Array patterns (and varargs patterns)

Remi Forax forax at univ-mlv.fr
Wed Sep 7 22:01:04 UTC 2022


----- Original Message -----
> From: "Brian Goetz" <brian.goetz at oracle.com>
> To: "Tagir Valeev" <amaembo at gmail.com>
> Cc: "amber-spec-experts" <amber-spec-experts at openjdk.java.net>
> Sent: Wednesday, September 7, 2022 4:32:34 PM
> Subject: Re: Array patterns (and varargs patterns)

> I understand where this sentiment comes from.  But the motivation is
> somewhat more indirect than "people are falling over themselves to
> deconstruct arrays today".
> 
> Because deconstruction is the dual of aggregation, it is desirable for
> each of the forms of aggregation -- constructors, factories, etc -- to
> have pattern counterparts.  Not doing so creates asymmetries that make
> the whole thing seem more ad-hoc.  Many of the "not as important"
> pattern features we're working on now, are in the realm of "completing"
> the feature.
> 
> More importantly, array patterns are how we fully support varargs in
> records.  If we have a varargs record:
> 
>     record VA(String... strings) { }
> 
> we can construct it with a varargs invocation
> 
>     new VA("a", "b")
> 
> which is sugar for
> 
>     new VA(new String[] { "a", "b" })
> 
> But we cannot yet deconstruct it with:
> 
>     case VA(var a, var b)
> 
> and analogously, for a varargs record, the above is sugar for
> 
>     case VA(String[] { var a, var b })
> 
> So it is not just about arrays.
> 
> I agree that named patterns are more useful, and we are working on them
> too.  But they are also a bigger feature (bringing in overload
> selection, reflection, translation, etc), so they will take longer.
> Whereas array patterns are really a remix of things we've already worked
> out -- nested patterns, exhaustiveness, etc.  In any case I would like
> to avoid leaving a trail of unfinished work, so cleaning up the loose
> ends on basic patterns first seems preferable before adding bigger new
> pattern features.
> 
>> Hello!
>>
>> Honestly, to me this whole feature looks not very important.
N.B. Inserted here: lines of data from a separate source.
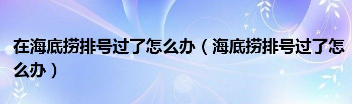 大家好,小晋来为大家解答以下问题,关于在海底捞排号过了怎么办,海底捞排号过了怎么办很多人还不知道,今天让我们一起来看看吧!
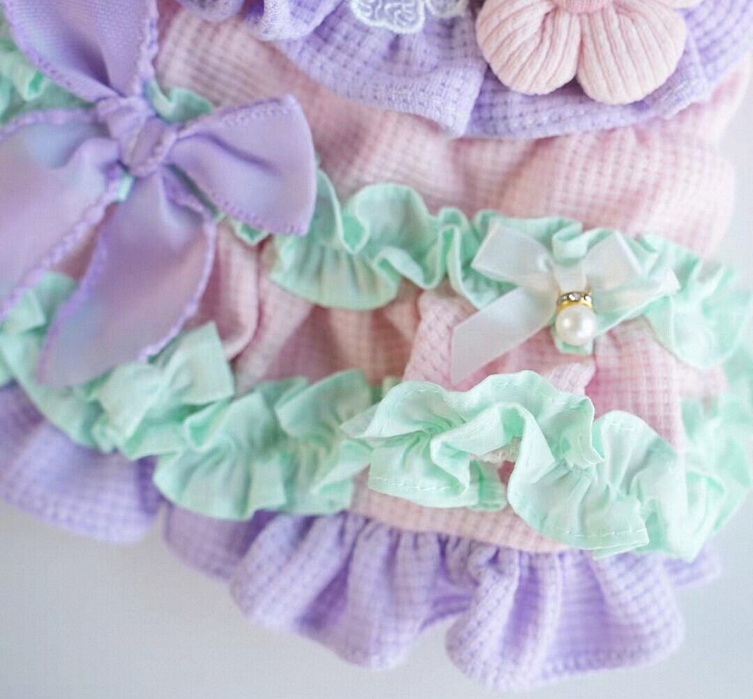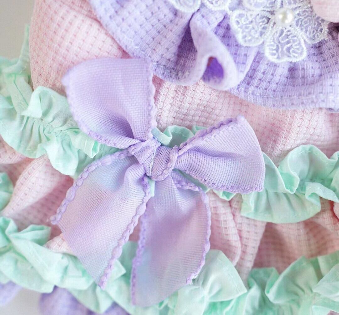お花モチーフ、パール飾りのレース、リボンモチーフなど、可愛い、ラブリーが詰まったパステルカラーの優しい色合いのワンピース♡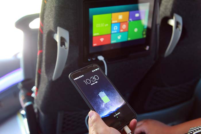 新锦程座椅采用的面料、配色、做工考究,与整车定位相得益彰。在座椅后部还选配有车载娱乐系统、WiFi及USB充电接口,在移动互联兴起的今天,这些配置在提供便利性的同时也丰富了乘客的旅途生活。新锦程类似的人性化配置还有快速换新风技术,可在3 min内实现车内一次换风,保持车内空气的新鲜;过道及行李架采用蓝色灯带,在夜间营造出温馨的车厢氛围,同时便于乘客拿取行李和上下车。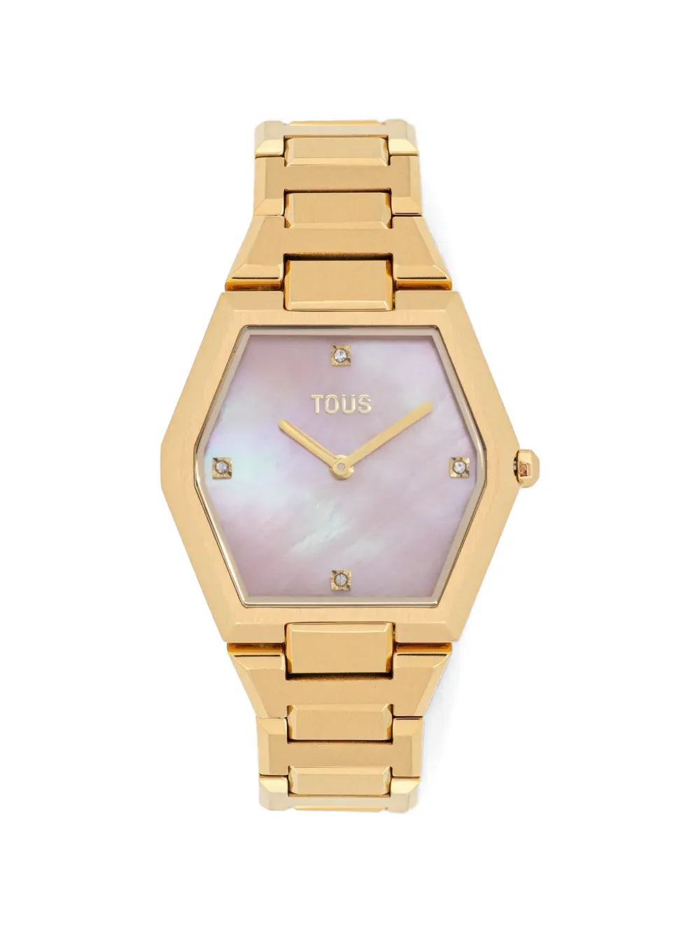 pink dial quartz movement hexagonal case mother-of-pearl dial baton hands bracelet strap water resistant to 3 ATM This item comes with a standard one-year warranty from the boutique.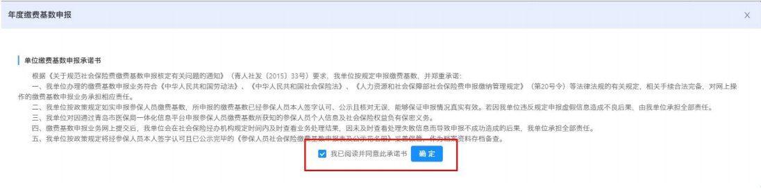(2)选择“年度基数手工申报”方式,阅读后勾选并同意承诺书点击确认。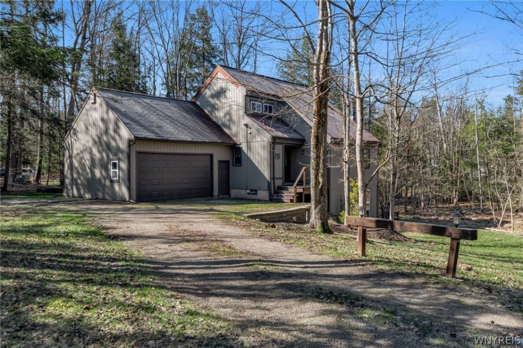 28 Woodstock Road in lovely Concord NY is a contemporary chalet style home, situated in the highly desired Craneridge community, that can be a year round residence or an escape from the hustle bustle of every day life! Situated across the street from the ever developing Kissing Bridge resort and a short walk to Sprague Brook park, this home has so much to offer. Residents in Craneridge have access to the pool, basketball court, playground and walking trails, offering a year-round active lifestyle. The home itself sits on a beautiful wooded lot, surrounded by the sights and sounds of nature at its finest, that you can enjoy from the large 1more room with an exterior walkout and so much flexibility! The attached garage is a nice bonus, and not something you will find with every home in this community. The square footage differs from public record due to the finished walkout basement.2x22 deck off the rear of the home. Walk inside and you will find an incredibly cozy and comfortable living space, with tall ceilings, wood burning fireplace and tons of natural lighting. The galley style kitchen is perfectly situated and opens to the rear bar/family room for easy entertaining, and every day functionality. Upstairs you will find two bedrooms and a beautifully updated full bath, while the lower level basement space offers even more room and so much flexibility with the exterior walkout. The square footage differs from the tax record due to the finished walkout basement (floor plan).

It's a
>> rare case in modern Java applications that business logic operates
>> with arrays directly. They are mostly used in low-level system code
>> where performance matters more than code elegance. Custom defined
>> named patterns for lists would be much more useful. Moreover, if named
>> patterns are supported, then array deconstruction could be implemented
>> in a library, without complicating the language specification (like `x
>> instanceof Arrays.of(String first, String next, String last)`).
> 
> I'm not sure how this Arrays.of pattern is going to work, unless we're
> willing to have overloads for every arity up to, say, 22? Otherwise, we
> need varargs, and varargs is sugar for an array pattern.

For me, Arrays.of() is a named pattern with a vararg list of bindings, no ?
So i agree with Tagir, let's figure out how named patterns work first.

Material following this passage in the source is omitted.